Bill Bennett made a cottage industry of screaming "where’s the outrage" in the late 90’s. Of course, right wing scrap hack that he is, Bennett was talking about the passivity of the nation toward a man getting a consensual blowjob from a adult woman. Screw Bill Bennett, I want to know where the outrage is over the fact that our country is effectively buying human beings in foreign countries and locking them in "enhanced interrogation" dungeons indefinitely based either on no probative evidence whatsoever, or on ever changing hoaked up bunk cobbled together on the fly as a means to their torture slave ends.

The pathetically ironic part of this story is Glaberton plowing through how journalists have not covered the story of a mistreated journalist.

The case did not draw the attention among American journalists that some of them said it deserved, in part because Mr. Hajj’s full life story was not known. As with most Guantánamo detainees, the Pentagon’s evidence against him was largely secret.

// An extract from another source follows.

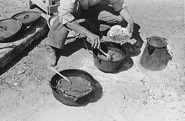 | Keywords: Cowboy dishing up chili.jpg Cowboy dishing up chili at noonday dinner Cattle ranch near Marfa Texas Date May 1939 Photograph Lee Russell Source http //lcweb2 loc gov/cgi-bin/query/r pp/fsaall FILREQ FIELD DOCID+ LIT fsa1997026180/PP + FIELD COLLID+fsa PD-USGov cooking History of the United States |
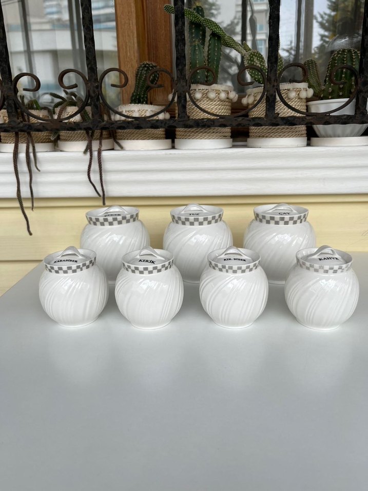 Karaca marka baharat takımı . 3 büyük 4 küçük kavanozdan oluşmaktadır . Düğün için hediye olarak geldi fakat şeker kavanozunun kapağı çatlamış ve yapıştırılmış . Ürün mağazalarında 1500₺ . Şeker kapağından ötürü yarı fiyatına veriyorum . #baharatlık #karaca #karacabaharatlık

“I would have rather seen more of an outcry,” said Joel Simon, executive director of the Committee to Protect Journalists, which tried to call attention Mr. Hajj’s detention. Mr. Simon said the case was part of what he called a disturbing trend of the American military to hold journalists for long periods without charges before eventually releasing them. He said his group had documented 11 such cases since 2001.

Two critical concepts of immense importance to the fundamental nature of what this country is, what it stands for, and how it’s citizens are informed by their press, and it is published with all the introspection, analysis and professionalism of a freaking high school bake sale announcement.

I started writing this post Saturday afternoon, but it kind of got put on the back burner with all the outdoor fun we have been having here the last few days. As the comments appear to have closed on the last thread, I wanted to get something up. I have several other pieces that I am working on and will start putting up tonight; looks like a busy week ahead. Be back soon…..

UPDATE: There is another recent detainee story that deserves mention in the category of Bush/US Government cravenness as well. It is the story of young Canadian Omar Khadr, now 21, but only 15 years old when captured at the side of his dying father in a firefight in Afghanistan.

A Canadian captured in Afghanistan at age 15 can be tried for murder in the Guantanamo war crimes court, a U.S. military judge ruled in rejecting claims that he was a child soldier who should be rehabilitated rather than prosecuted.

His military lawyer, Lt. Cmdr. William Kuebler, had argued in February hearings at the Guantanamo naval base that Khadr was a child soldier illegally conscripted by his father, an al Qaeda financier. He urged the judge to drop the charges, which carry a maximum penalty of life in prison.

Kuebler called the ruling "an embarrassment to the United States" and said Canada would share in the embarrassment if it allows its citizen to be tried at Guantanamo. He said Khadr would be the first child soldier tried for war crimes in modern history.

The United States and Canada have ratified an international treaty, the Child Soldier Protocol, that outlaws recruitment of combatants under age 18 and requires governments to help child soldiers recover and reintegrate into society.

Lovely. Bush has treated yet another seminal international human rights treaty, ratified and adopted by the United States as the law of the land, as "just a damn piece of paper". Not only are we violating the Child Soldier Protocol to prosecute young Khadr, there is a serious question as to the truthfulness of the allegations against him. As Ishmael and Skdadl have pointed out previously, the Canadians are not exactly acquitting themselves well on the Khadr case either; they should be standing up for the propriety and spirit of the law, irrespective of whether Khadr is ultimately guilty. Crickets chirping in the yard up north too.

In regards to detainee issues, when I started plumbing some depths for a couple of sub-issues, I stumbled into this dissertation that is very thorough and useful. Report On Guantanamo Detainees by Mark (Seton Hall Law Professor) and Joshua (attorney) Denbeaux. Pretty outstanding resource, check it out.